Co2 scare didn’t work. Try methane.
Don’t forget water vapor, the biggest greenhouse gas there is. One day they will tax exhaling and hydrogen cars because they add H2O to the air.
I blame the cows.
“also comes from decaying vegetation”
i guess the first step in “solving” this problem would be to bury hundreds of billions of acres of protected marshland, estuaries, swamps, and bayous ...
Udder madness.
Light a match.
Problem solved.....................
My bad on that. Had a big pot of chili over the weekend...
decaying vegetation, ESPECIALLY in old-growth forests. Oh the humanity!
The next step is to let all the people starve. Food is going to destroy the planet.
Methane gas has increased 150% in the atmosphere since the mid 1700s. (During the same time period, carbon dioxide has increased only 30 %.) A gram of methane gas has more than 25 times as much greenhouse gas impact as a gram carbon dioxide. As many know, flatulence, farts, are composed almost entirely of methane gas.
Therefore, Al Gore has developed a new program to combat this obviously increasing peril to our planet, and make a little money for himself at the same time.
It is called Fat Als Recycle Technology (F. A. R. T.).
Everyone will be required to wear a F.A.R.T. meter, (Cost $75, available only from Al Gore) which will record and automatically transmit to a new government agency (the Federal Automatic Recording Technology Department, The FART Dept.) the occasion of each fart and the volume thereof.
For an additional fee of $4,500, interested parties can purchase a fart capture device (available only from Al Gore). This 25 pound device can be conveniently worn under the special clothing available also from Al Gore in attractive shades of brown.
When full, the interested consumer can present his fart capture device to Al Gores recycling center, where for a fee of $0.10 per fart, the captured farts will be recycled into the US natural gas distribution system. Al Gore also will receive a modest fee of only $0.015 per fart for the energy content of the gas.
The interested consumer will also receive fart credits for the number of farts he recycles.
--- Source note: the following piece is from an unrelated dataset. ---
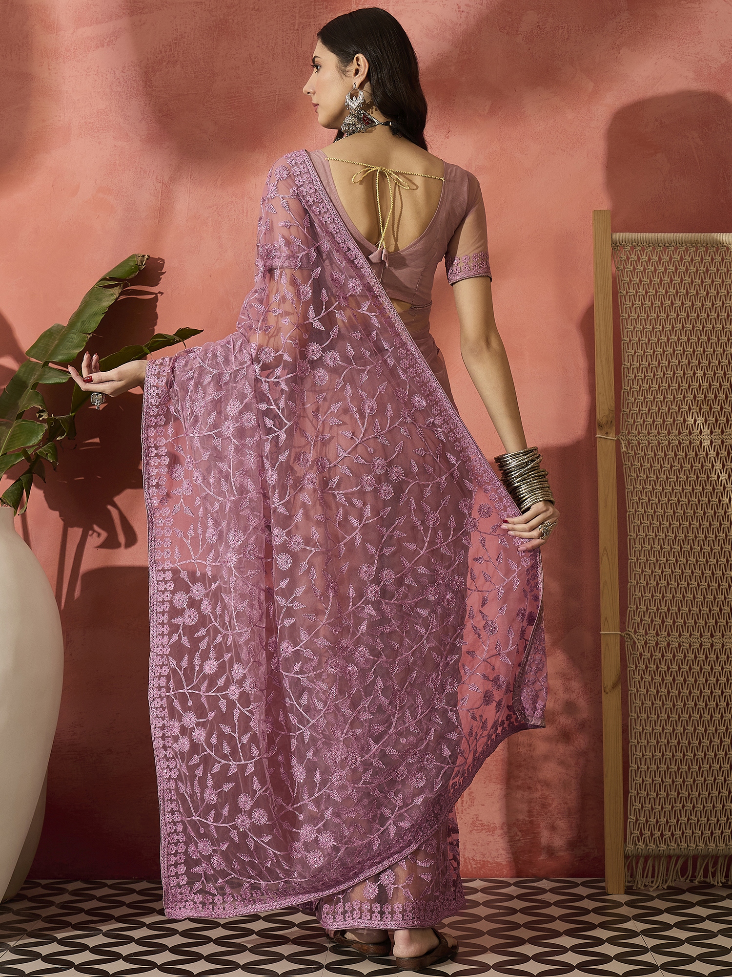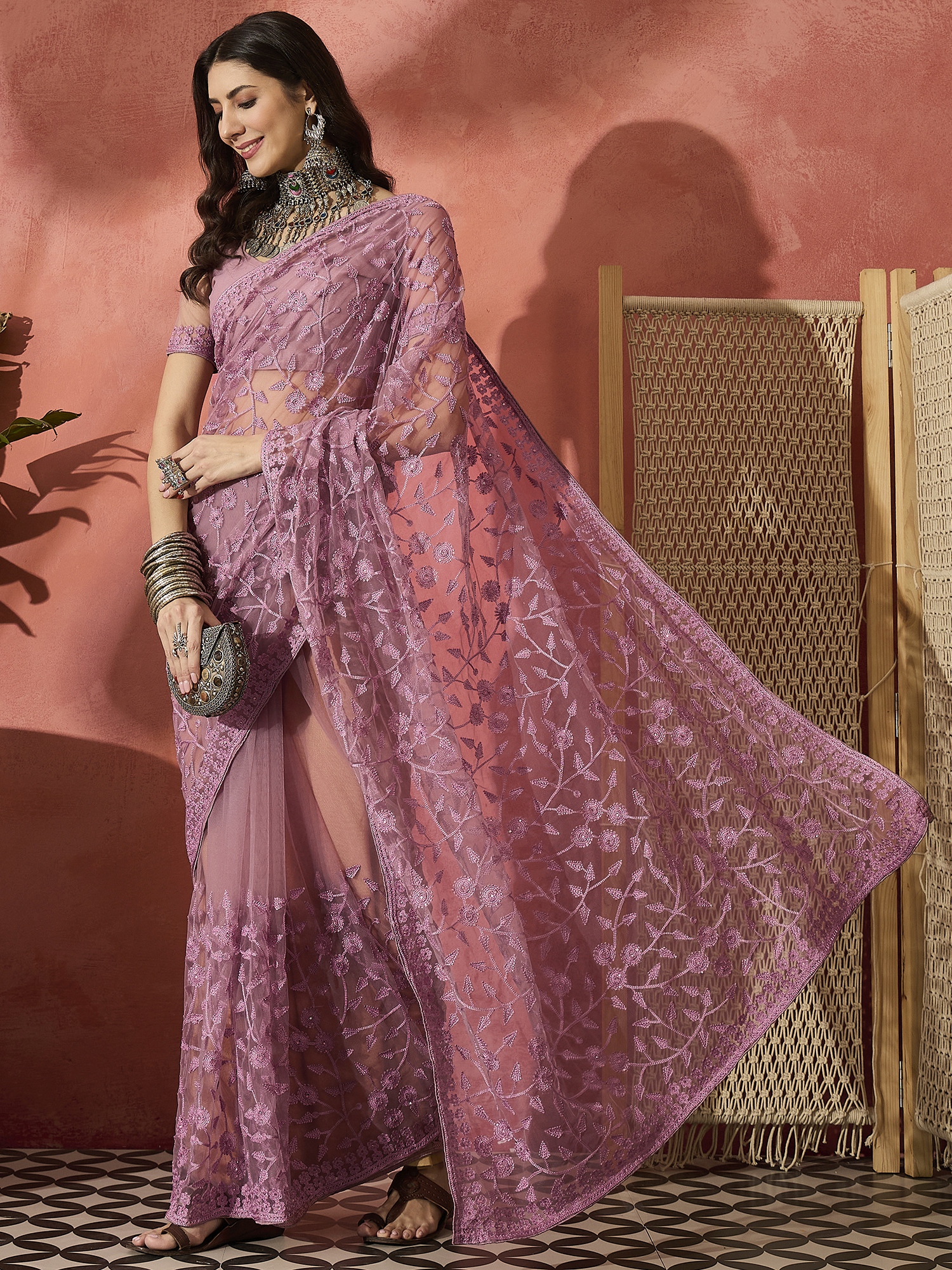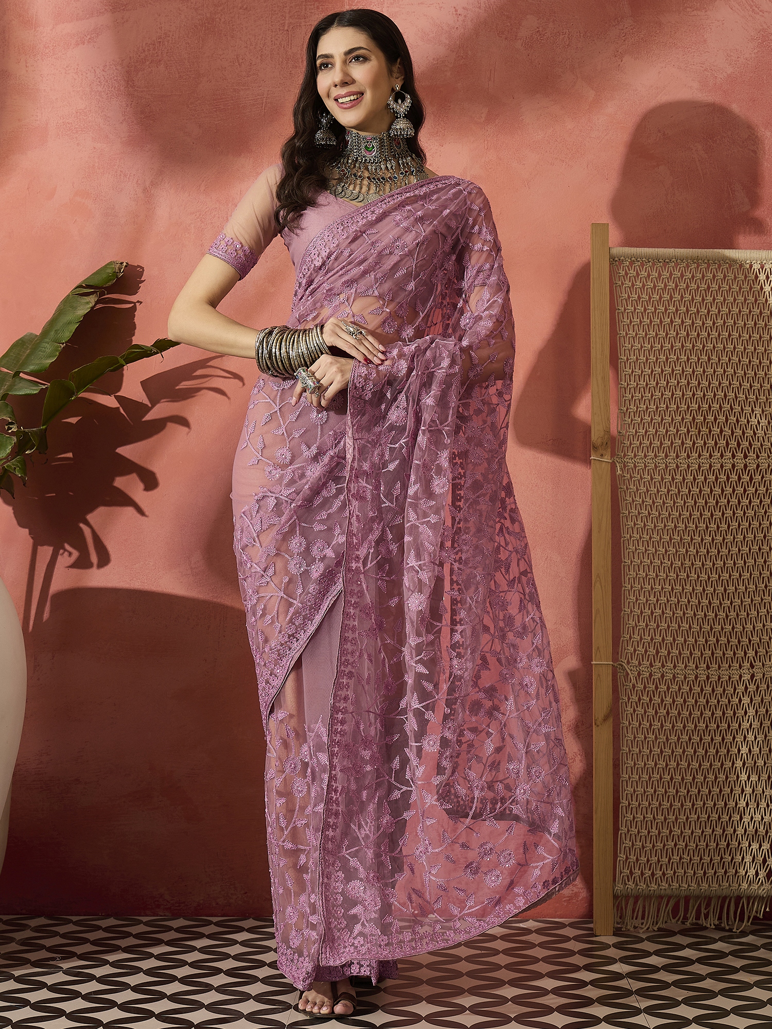 AASTHA FASHION Fashion Dream Womens Lavender Net Saree | Soft & Elegant Traditional Wear

These fart credits can be traded to other consumers, who elected not to purchase a fart capture device, through Al Gores Fart Trading Exchange. Al Gore will extract only a small commission of $0.01 per fart for each trade.
All Consumers will be required to be fart neutral by a Cap and Trade regulation, administered by the new FART Department.
Legislation is being developed as we speak, by the concerned Speaker of the House, Nancy Pelosi.
Get ahead of the mandated stampede to control this growing threat to our planet. Get you fart capture device now.
Saul Alinsky wants me to give up beef?
STEAK! Breakfast of Champions!
It’s the MEXICANS!
They’re producing too many beans!
There’s only one solution to save the planet....kill every person on earth.